Während sie sich den Zopf flocht, sagte sie immer nachdenklicher:

»Wenn du heiratest, nimm dir ein Mädel mit Charakter. Die mit Charakter sind dümmer, die passen selbst auf sich auf. Vor den Stillen, Züchtigen sei auf der Hut, sie betrügen dich zweimal in einer Stunde.«

Ihr Gesicht veränderte sich plötzlich. Ihre Pupillen verengten sich wie bei einer Katze, auf die gelblichen Augäpfel legte sich der Schatten der Wimpern. Sie schien mit fremden Augen auf etwas hinzustarren, sich rachedurstig zu erinnern. Klim hatte den Eindruck, daß sie früher nicht so böse von den Frauen gesprochen hatte, sondern wie von entfernten Verwandten, von denen sie weder Gutes noch Schlechtes erwartete, die sie nicht interessierten und die sie fast vergessen hatte, und während er ihr zuhörte, dachte er nochmals ängstlich daran, daß alle Menschen, die er kannte, sich gleichsam verschworen hatten, ihm zuvorzukommen, klüger und geheimnisvoller zu sein als er und sich schlau hinter ihren Worten zu verstecken. Ja, geheimnisvoller wollten sie sein, das war es, sie fürchteten, Klim Samgin könne sie allzu rasch durchschauen.

Margarita aber sagte:

»Ich kann auch nicht glauben, daß es heilige Frauen geben soll. Wahrscheinlich werden es alte Jungfern sein, und heilig werden sie wohl nur sein, weil sie alte Jungfern sind.«

Müde, sie anzuhören, sagte Klim endlich gelangweilt:

»Du bist heute in philosophischer Stimmung.«

Margarita besah sich hastig und fragte dann:

»In was?«

Als er ihr seine Worte erklärt hatte, sagte sie:

»Oh je! und ich glaubte, du hast Blut gesehen. Ich muß meine Blutung bekommen.«

Klim zuckte angewidert zusammen und sprang vom Bett auf. Die Einfalt dieses Mädchens war von ihm auch früher zuweilen als Schamlosigkeit und Unsauberkeit empfunden worden, aber damals hatte er sich damit ausgesöhnt. Jetzt jedoch verließ er Margarita mit einem Gefühl heftiger Abneigung gegen sie, und er tadelte sich hart wegen dieses ergebnislosen Besuchs. Er war froh, daß er am nächsten Tag nach Petersburg abreiste. Warawka hatte ihn überredet, in das Ingenieurinstitut einzutreten, und alle Schritte zu Klims Aufnahme getan.
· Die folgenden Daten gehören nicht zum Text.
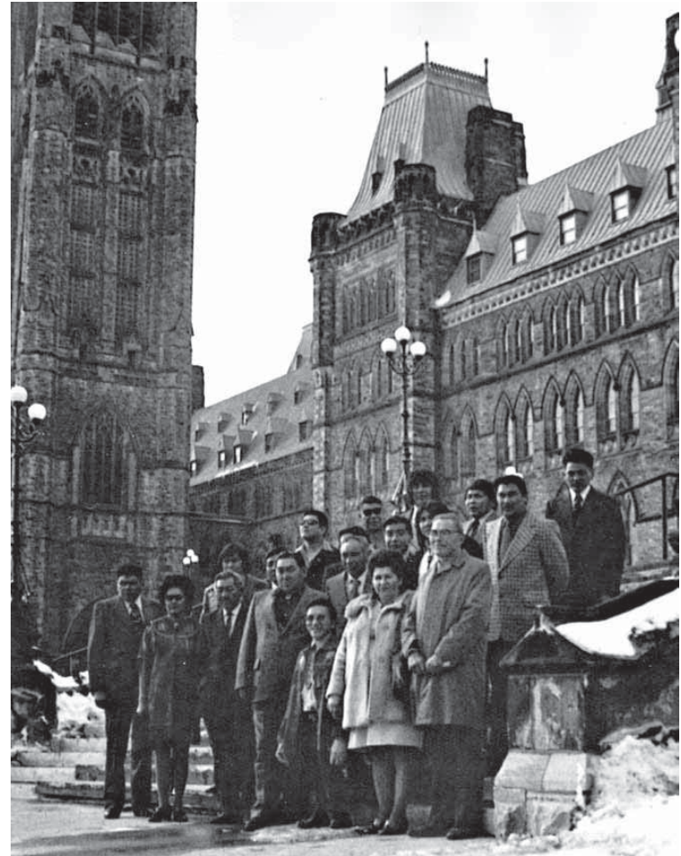
FIG. 9. THE YUKON FIRST NATION LEADERS WHO TRAVELLED TO OTTAWA IN FEBRUARY, 1973 TO PRESENT TOGETHER TODAY FOR OUR CHILDREN TOMORROW TO PRIME MINISTER TRUDEAU.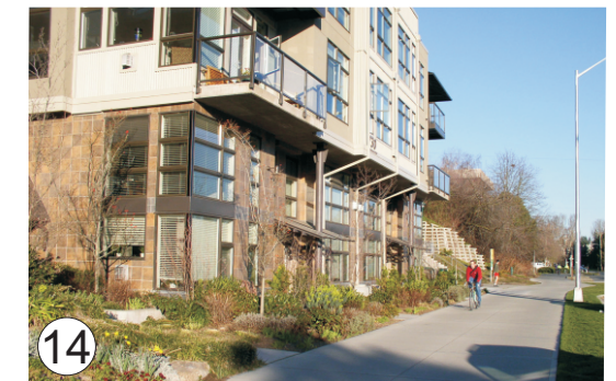
14 Front setback with landscaping and walk-up units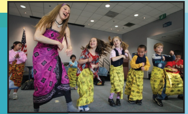
Dance Around the World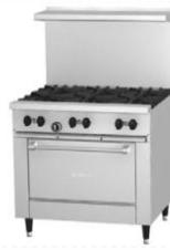
Open burner (2- 4- 6 gas burners)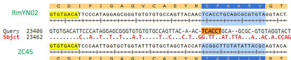
FIGURE 2 Alignment of nucleotide and amino acid sequences of the S protein from bat-SL-CoVZC45 (MG772933.1) and RmYN02 at the S1/S2 junction site. No insertions of nucleotides possibly evolving in a furin cleavage site can be observed (in blue)

spike protein of SARS-CoV-2 of a cleavage site activated by a host-cell enzyme furin, previously not identified in other beta-CoVs of lineage b [36] and similar to that of Middle East respiratory syndrome (MERS) coronavirus. [35] Host protease processing plays a pivotal role as a species and tissue barrier and engineering of the cleavage sites of CoV spike proteins modifies virus tropism and virulence. [37] The ubiquitous expression of furin in different organs and tissues have conferred to SARS-CoV-2 the ability to infect organs usually invulnerable to other CoVs, leading to systemic infection in the body. [38] Cell-cultured SARS-CoV-2 that was missing the above-mentioned cleavage site caused attenuated symptoms in infected hamsters, [39] and mutagenesis studies have confirmed that the polybasic furin site is essential for SARS-CoV-2's ability to infect human lung cells. [40]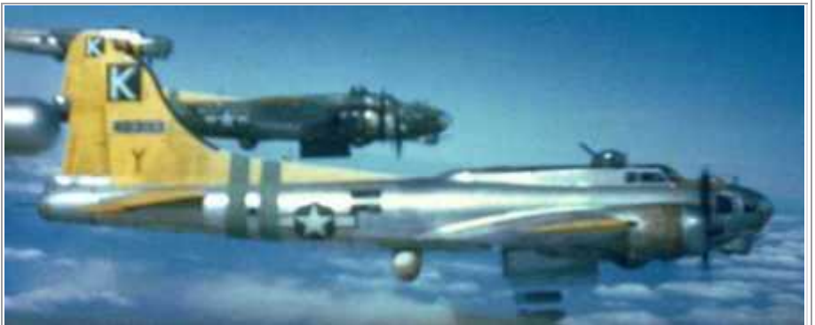
on April 8, 1945 H2X pathfinder, scrapped at Walnut Ridge, Arkansas in 1946.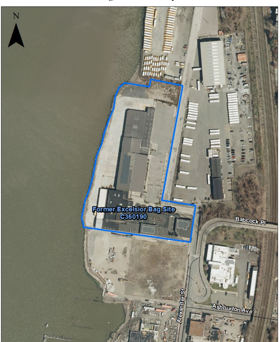
Figure 2 - Site Map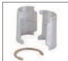
Replacement HD Super™ Aluminum Split Sleeve

Replacement HD Super™ Aluminum Split Sleeves with Zinc Ring 4 pair per bag Cat. No. 9986HZ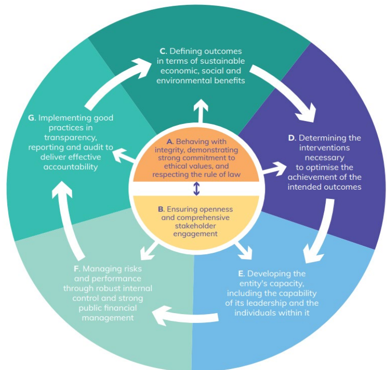
Figure 1: Establishing an effective assurance framework

Often, assurance is associated with the work of internal and external audit. They do provide assurance, and because their assurance is independent of the service or function, it is of particular value to the leadership team. They are not the only sources of assurance, however, and an assurance framework will create a better understanding of how assurance is provided. Many authorities will use the Three Lines Model developed by the Institute of Internal Auditors (IIA) to group or identify the different sources of assurance.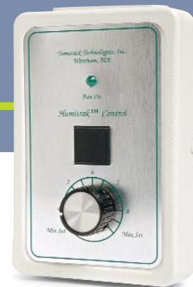
When the relative humidity reaches a preset level, this Tamarack Humitrak activates the fan.

The simplest type is an electronic or mechanical timer programmed to keep the fan running for a set amount of time. Leviton's version lets you select the running time with the push of a button. A variation is Energy Federation's delay-off switch, which keeps the fan on after the switch is turned off. An adjustment screw behind the cover plate allows users to set the extended run time.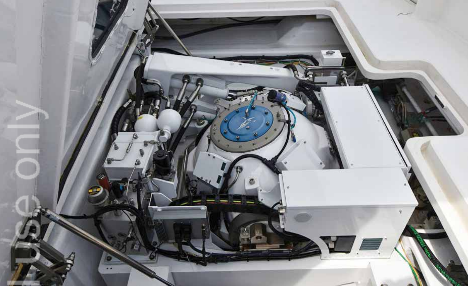
VG52 installed on the VEEM test vessel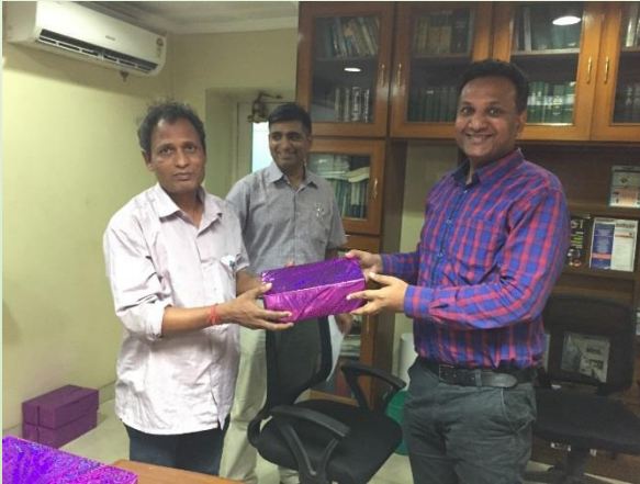
Pries being given away to Spot the Hazard contest winners at G&L, Kolkata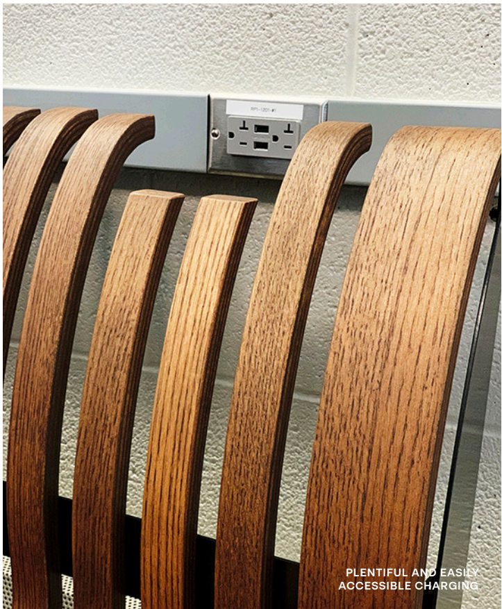
PLENTIFUL AND EASILY ACCESSIBLE CHARGING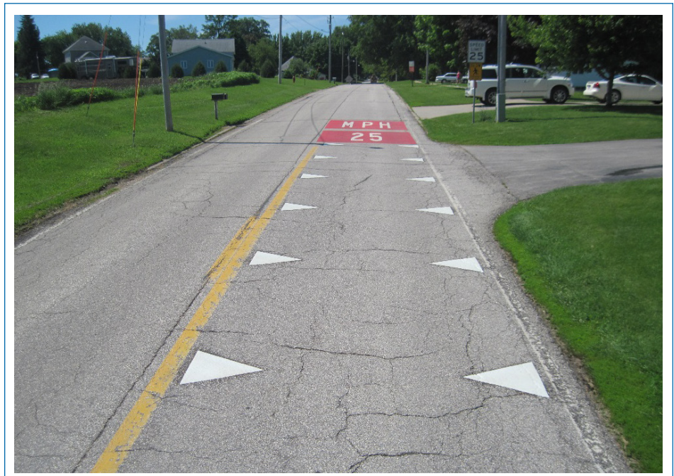
Colored entrance treatment with addition of dragon's teeth for north community entrance to Ossian

HS counters. Road tubes were typically laid just downstream of the treatment or at the treatment.

Die Nacht war naßkalt und schwarz. Die Lichter der Laternen brannten träge und trist, als hätten sie die Hoffnung, jemals die dichte, klebrige Finsternis zu besiegen, aufgegeben. Klim war qualvoll ums Herz, er konnte an nichts denken. Aber unvermittelt durchzuckte ihn der Gedanke, daß zwischen Warawka, Tomilin und Margarita etwas Gemeinsames bestand. Sie alle belehrten, warnten und schreckten ab, und hinter der Tapferkeit ihrer Reden schien Angst zu lauern. Wovor? Vor wem? Doch nicht vor ihm, dem Menschen, der einsam und furchtlos seinen Weg durch das Dunkel suchte?